* _Problem requirements_: Using the listing below, set down each line from the line containing "波蘭的陶瓷磚出口量在逐年上升" through the line containing "9月12日,新疆和田团城,当地居民在搬运物资。中青报·中青网记者 王鑫昕/摄", both ends included, exactly and with nothing added.

* _Task inputs_:
===
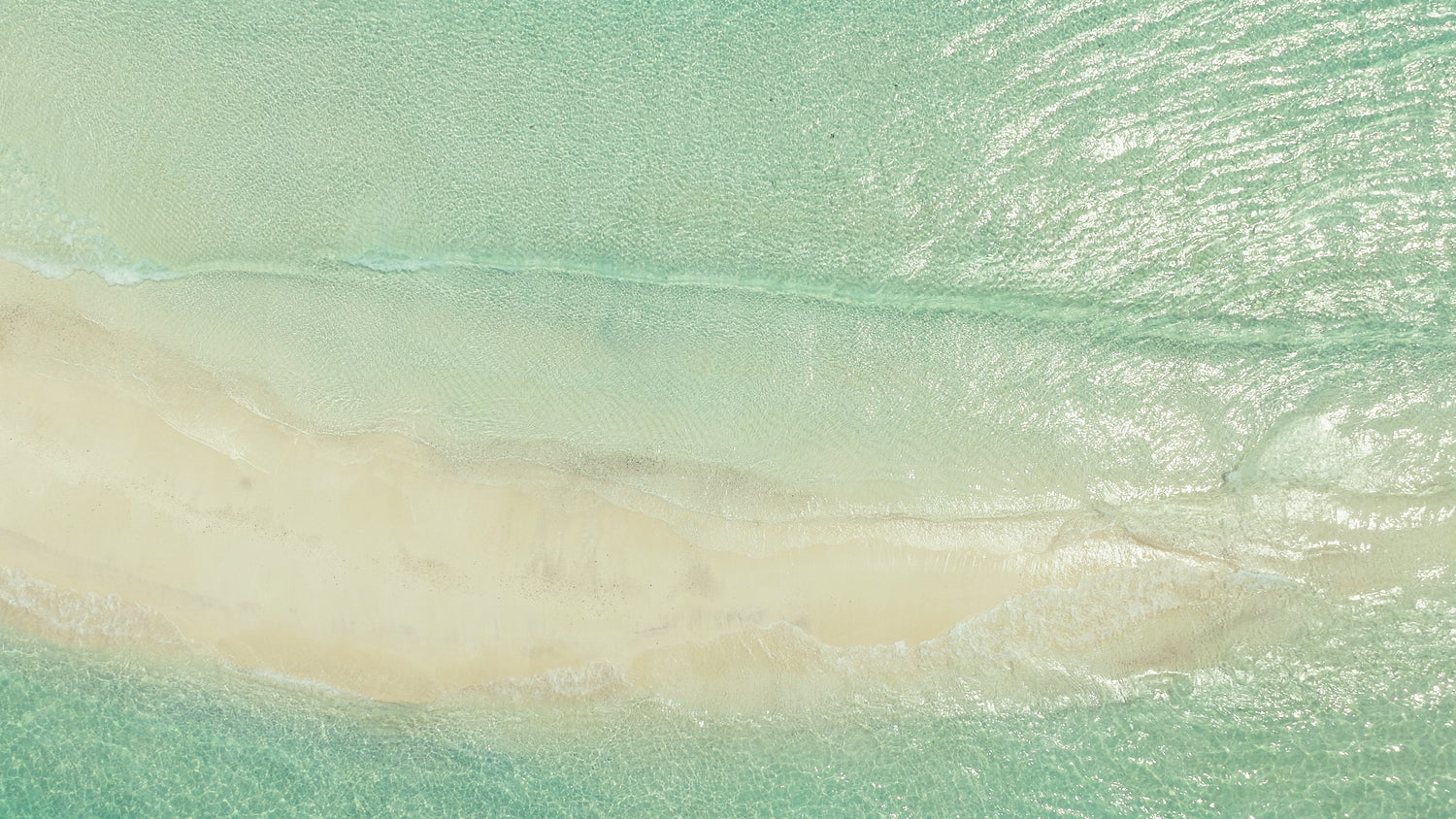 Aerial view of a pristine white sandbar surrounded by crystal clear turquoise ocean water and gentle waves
===
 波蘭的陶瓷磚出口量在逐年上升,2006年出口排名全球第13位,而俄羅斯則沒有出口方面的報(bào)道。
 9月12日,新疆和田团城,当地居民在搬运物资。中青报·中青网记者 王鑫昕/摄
===
* _Solution_:
 波蘭的陶瓷磚出口量在逐年上升,2006年出口排名全球第13位,而俄羅斯則沒有出口方面的報(bào)道。
 9月12日,新疆和田团城,当地居民在搬运物资。中青报·中青网记者 王鑫昕/摄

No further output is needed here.